Fourth Bishop of Milwaukee, diocesan 1889-1891
A History of the Diocese of Milwaukee, by Harold Ezra Wagner
Diocese of Milwaukee, 1947.
Cyrus Frederick Knight was born in Boston, March 28, 1831 and pursued his education at Burlington and Harvard colleges, and his theological course at the General Theological Seminary, where he was graduated with the class of 1854. He received deacon's orders in Trinity Church, New York, July 2, 1854 from Bishop Wainwright. He was priested by Bishop Alonzo Potter in St. Luke's Church, Germantown, Pa., May 18, 1856.
During his diaconate he was assistant at St. Luke's, Germantown.
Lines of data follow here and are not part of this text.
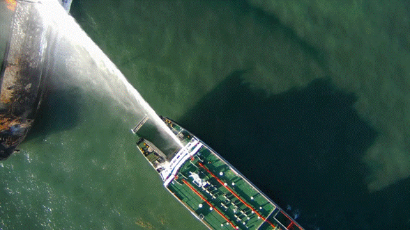 舟山隊“中化應急”號救援船撲救著火油船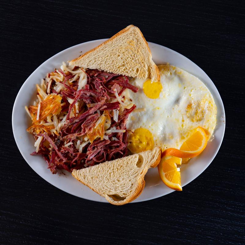 Corned beef served with three eggs | Served with hash browns or home fries and toast.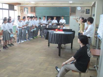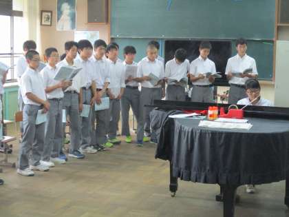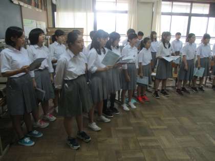 今年の3年生は、1クラスの人数が少ないので2クラスが合同で歌います。1・2組で2曲、3・4組で2曲です。
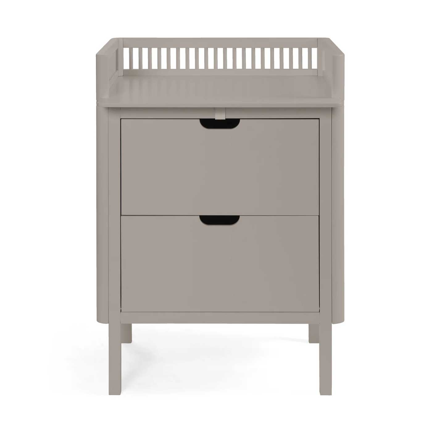 Skötbordet består av en rymlig byrå med avtagbar skötbordstopp. När blöjperioden är över kan skötbädden enkelt tas bort, och möbeln fortsätter som en praktisk förvaringslösning för kläder, leksaker eller andra saker.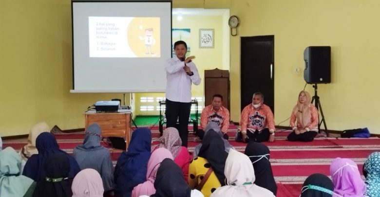 Motivator Pendidikan, Hasan Ashari, S.E., CT.NNLP, didampingi Kepala SMPN 3 Bandar Lampung, Nasib Utomo, M.Pd, saat memberikan motivasi terhadap orangtua siswa tentang pentingnya pola asuh yang baik kepada anak, di sekolah setempat, Kamis, 27 Oktober 2022. DOK SEKOLAH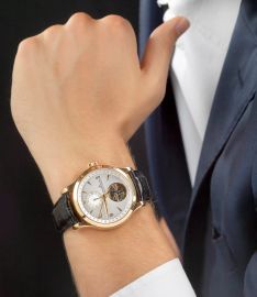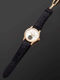 cassa avvitata in oro rosa 18 kt con fondello trasparente, movimento a carica automatica cal 978 con tourbillon e massa oscillante in oro 22 kt, quadrante argentè con indicazione doppio fuso orario e datario a lancetta, Corredato di fibbia pieghevole originale in oro rosa 18 kt, astuccio, garanzia e libretti. Orologio probabilmente mai indossato. Diam mm 41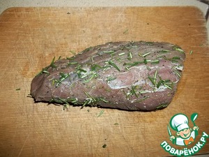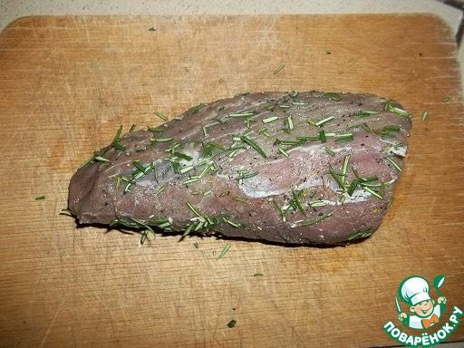 Для этого рецепта подойдет только свежая говяжья вырезка, выбирайте не слишком толстый кусок. Мясо промыть и обсушить. Натереть солью и смесью специй (черный и белый перец, кориандр), Оставить на 30 мин. Порубить розмарин, обвалять в нем мясо.

After his advancement to priest's orders he spent some time in travel abroad, and then assumed the rectorship of St. Mark's, in his native Boston, where he stayed ten years. Called to the Church of the Incarnation (subsequently known as St. James) in Hartford, Conn., he continued in charge of that parish until 1877, when he became rector of St. James', Lancaster, Pa.
He was a deputy to the General Convention from Massachusetts, Connecticut and Central Pennsylvania during a period of nearly a quarter of a century. He was a member of the standing committee of the diocese of Central Pennsylvania, and twice visited the Triennial Synod of the Church in Canada as a representative of the American Church. He received Doctor of Divinity degrees from Bethany College, Kansas in 1880 and from Racine College in 1890. In 1885 he was made D.C.L. by the University of Bishop's College, Lennoxville, Quebec.
Bishop Knight was the first of Milwaukee's bishops to be consecrated in All Saints Cathedral in Milwaukee, which event took place on March 26, 1889,
His death on June 8, 1891 after only 26 months in the episcopate came as a sudden and unexpected shock to his diocese. He had scarcely had time to become acquainted with his jurisdiction. Bishop Knight was a man of broad learning and culture, with worldly knowledge and tact which he made peculiarly useful to the diocese in readjusting conditions which had been prolific with discord. When he came to Milwaukee he was in vigorous health. His death came as a result of a paralytic stroke preceded by an attack of the grippe. He was 61.
Frederick Cook Morehouse says of him: "He . . . was instrumental in bringing about a gradual loosening of the narrow fractional lines which had once been so tightly drawn."